102. Bridging the design / finance divide

Financial mechanisms and urban design governance tools

Urban design aspirations do not exist in a bubble.  The most creative design solutions will be of little value if economic systems fail to allow for their implementation.  Urban design outcomes and processes will always be shaped by the availability of economic resources and the nature of financing instruments for projects.  But the governance of design has the potential to use financial (and other economic) means alongside or as part of the urban design governance toolbox to incentivise good design and discourage poor design.  

The Urban Maestro project examined the use of urban design governance tools across Europe, summing up the types in a nine-part typology.  One strand of the project – recently published in a new journal article – focussed on how the tools of urban design governance interface with financial mechanisms.  Looking across Europe, the research revealed that at a basic level, financial means can encourage the production and use of particular urban design governance tools through the allocation of support funding for such activities.  More significantly, however, finance can be used to encourage the delivery of public design aspirations as captured in the formal and informal tools of urban design governance.  Used in this manner, finance is a formal incentivisation mechanism.  

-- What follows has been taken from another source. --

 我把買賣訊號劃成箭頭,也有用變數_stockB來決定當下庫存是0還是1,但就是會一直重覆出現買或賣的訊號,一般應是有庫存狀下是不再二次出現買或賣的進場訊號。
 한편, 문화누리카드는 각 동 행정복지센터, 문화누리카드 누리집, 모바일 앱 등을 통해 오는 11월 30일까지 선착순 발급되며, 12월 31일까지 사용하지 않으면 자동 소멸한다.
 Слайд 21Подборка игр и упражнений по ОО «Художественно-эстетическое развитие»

European typology of urban design governance tools and its relation to financial mechanisms

While any financial mechanism might, in theory, be used for that purpose, in practice some are far more commonly used than others.  These can be classified across two meta-categories encompassing, first, the ‘Raising of finance’ through subsidy and direct investment and, second, ‘Managing investment’, variously involving process management, indirect economic stimulus and partnership working.

Classification of financial mechanisms

A design / finance gap 

A Europe-wide survey of state-level government administrations as part of the Urban Maestro project suggested that while all the financial mechanisms included in the classification are used across Europe, awareness of the potential to link between financial approaches and design tools was low, suggesting in turn that the association remains underexploited.  For example, follow-up in-depth research revealed that few built environment professionals could fully unpack the economic rationale and business models associated with specific urban design governance tools.  

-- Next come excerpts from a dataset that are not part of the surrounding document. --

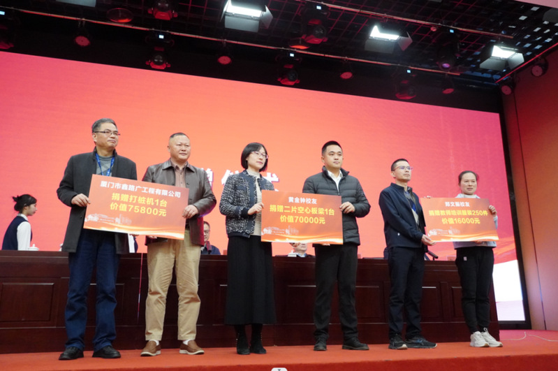 會(huì)上,鐘嘉升校友、黃金鐘校友、鄭文振校友分別向?qū)W校捐贈(zèng)了教學(xué)實(shí)訓(xùn)設(shè)備等價(jià)值共計(jì)14.74萬(wàn)元。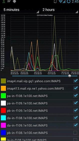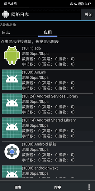 7、在各个标签页内轻点应用,即可查看该应用所连接的时间线,下拉通知栏后会显示出连接的吞吐速率(单位:kbps)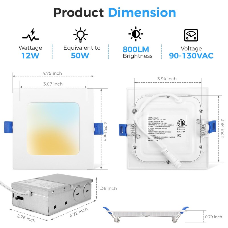 - 💡【5 Color Options】 This canless square recessed light offers five color temperatures—2700K, 3000K, 3500K, 4000K, and 5000K—in one fixture. Flip the switch on the junction box to match the perfect lighting for your mood, task, or room style.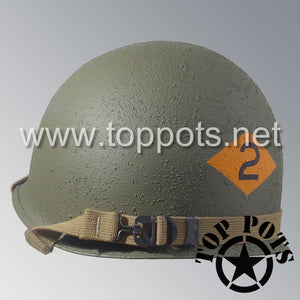 So, if you are looking for a US WWII swivel bale helmet with the most authentic Type II Mil-Spec 530 11 row weave chain-pattern and Herring Bone Twill suspension webbing, this is your helmet. This particular helmet represents the standard model, which would have been used in combat operations such as D Day, Operation Market Garden and the Battle of Okinawa. This is simply the best WWII M1 helmet for re-enactors, air-soft clubs and collectors made exclusively by Top Pots.

If the critical task for the state is not simply to incentivise development, but to incentivise high quality development, the research suggested that currently many administrations are attempting to do this without critical financial tools (or even understanding) at their disposal.

An obvious conclusion was that European urbanists need better training as their understanding of real estate dynamics is often poor and without such an understanding it is difficult to engage real estate interests by bringing ‘asset values’ as well as ‘potential values’ to fully bear on positively shaping places.  The reverse is also true, that real estate actors – including those working in the public sector – need better means of accounting for ‘place value’ and not just economic value.

But not everywhere …

Despite the gap in practices and awareness, the Urban Maestro project found numerous examples of design quality tools working directly with financial mechanisms to drive up quality thresholds, many of which are described in the project’s website, and brought together in the article that underpins this blog.  Four cases demonstrate the variety of these practices, the first two from the ‘raising finance’ and the second two from the ‘managing investment’ meta-categories.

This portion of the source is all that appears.